## Binary Classification: Classifying survivers of the titanic

In [7]:
import numpy as np
import pandas as pd

import torch
import torch.nn as nn
from sklearn.ensemble import RandomForestClassifier

from sklearn.linear_model import LogisticRegression
from sklearn.model_selection import train_test_split
from sklearn.metrics import accuracy_score
from sklearn.feature_selection import SelectFromModel

from sklearn.svm import SVC

### Import training and testing data as dataframes

In [2]:
rawTrainingData = pd.read_csv("./train.csv")
rawTestingData = pd.read_csv("./test.csv")
print(rawTrainingData.shape)
print(rawTestingData.shape)

(891, 12)
(418, 11)


### Prepares data for models

In [3]:
# Define target variable
target = rawTrainingData["Survived"]

# Define predictor variables
features = ["Pclass", "Sex", "SibSp", "Parch"]

# get_dummies converts these predictor variables into numerical features
predictor = pd.get_dummies(rawTrainingData[features])
testingPredictor = pd.get_dummies(rawTestingData[features])

### Random Forest Model From SciKit-Learn 77.5% accuracy

In [None]:
# Defines the Random Forest Model with (Number of trees, max depth of each tree, random seed for initialization)
model = RandomForestClassifier(n_estimators=100, max_depth=5, random_state=1)
# Fits the model to the training data
model.fit(predictor, target)
# Predicts the target variables for the test data
predictionsRF = model.predict(testingPredictor)

# Creates a dataFrame for output
outputRF = pd.DataFrame({'PassengerId': rawTestingData.PassengerId, 'Survived': predictionsRF})
outputRF.to_csv('submission.csv', index=False)

### Logistic Regression Model From SciKit-Learn 76.6% accuracy

In [None]:
# Fit a logistic regression model
logreg = LogisticRegression()
logreg.fit(predictor, target)

# Use SelectFromModel to select the most informative features
sfm = SelectFromModel(logreg, prefit=True)
selectedFeatures = sfm.transform(predictor)
selectedTestingFeatures = sfm.transform(testingPredictor)


# Fit a logistic regression model using the selected features
logregSelected = LogisticRegression()
logregSelected.fit(selectedFeatures, target)

# Use the model to predict the target variable for the testing data
predictionsLR = logregSelected.predict(selectedTestingFeatures)
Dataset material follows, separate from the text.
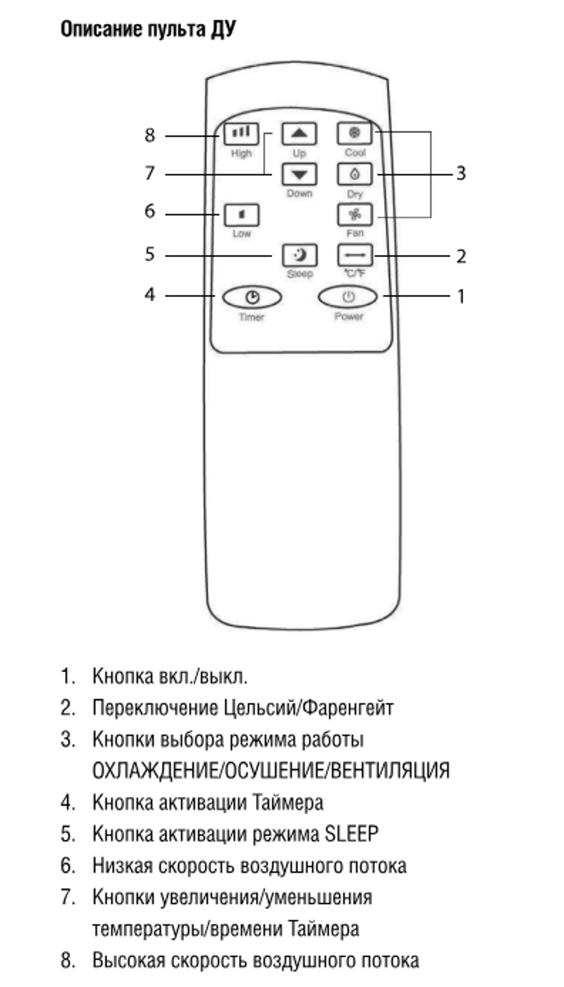 - 3 режима работы: охлаждение/осушение/вентиляция.
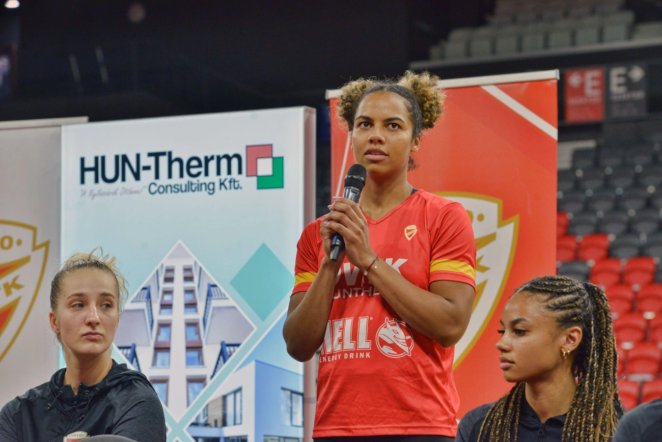 A játékosok közül elsőként Aho Nina ragadta magához a mikrofont. Ekkor derült ki, hogy a betegséggel bajlódó Kányási Veronika csapatkapitányt helyettesíti. Széles mosollyal fordult a publikumhoz: azt kérte, hogy legyenek ismét telt házas meccseik az arénában. Már feldolgozták, amit fel kellett dolgozniuk, és azt ígérte, hogy energiadús csapatjátékot produkálnak majd.

# Creates a dataFrame for output
outputLR = pd.DataFrame({'PassengerId': rawTestingData.PassengerId, 'Survived': predictionsLR})
outputLR.to_csv('submissionLR.csv', index=False)

### Support Vector Machines From SkiKit-Learn

In [None]:
# Create and fit an SVM model using the linear kernel
model = SVC(kernel='linear', C=1)
model.fit(predictor, target)
predictionsSVM = model.predict()